• **DATASET EXCERPTS**
# # # # # # #

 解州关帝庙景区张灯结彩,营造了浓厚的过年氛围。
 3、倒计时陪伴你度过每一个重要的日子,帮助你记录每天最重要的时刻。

# # # # # # #

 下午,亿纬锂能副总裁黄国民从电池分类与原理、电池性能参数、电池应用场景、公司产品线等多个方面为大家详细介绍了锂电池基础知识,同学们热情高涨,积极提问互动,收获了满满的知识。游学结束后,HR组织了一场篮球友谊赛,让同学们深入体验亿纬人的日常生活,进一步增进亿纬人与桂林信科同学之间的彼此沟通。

# # # # # # #

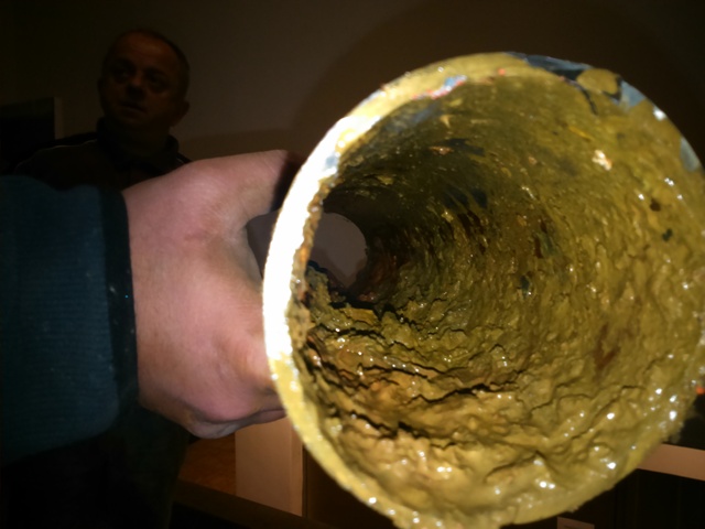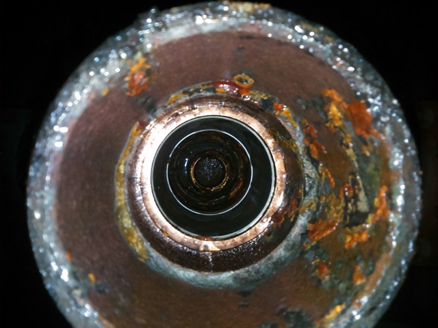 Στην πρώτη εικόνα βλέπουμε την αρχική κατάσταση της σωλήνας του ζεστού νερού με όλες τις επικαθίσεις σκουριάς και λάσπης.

# # # # # # #

• **WHAT TO DO**
Using the records above, restate word for word the lines from the one with "解州关帝庙景区张灯结彩,营造了浓厚的过年氛围。" through the one with "3、倒计时陪伴你度过每一个重要的日子,帮助你记录每天最重要的时刻。", both included.

• **RESPONSE TO THE EXERCISE**
 解州关帝庙景区张灯结彩,营造了浓厚的过年氛围。
 3、倒计时陪伴你度过每一个重要的日子,帮助你记录每天最重要的时刻。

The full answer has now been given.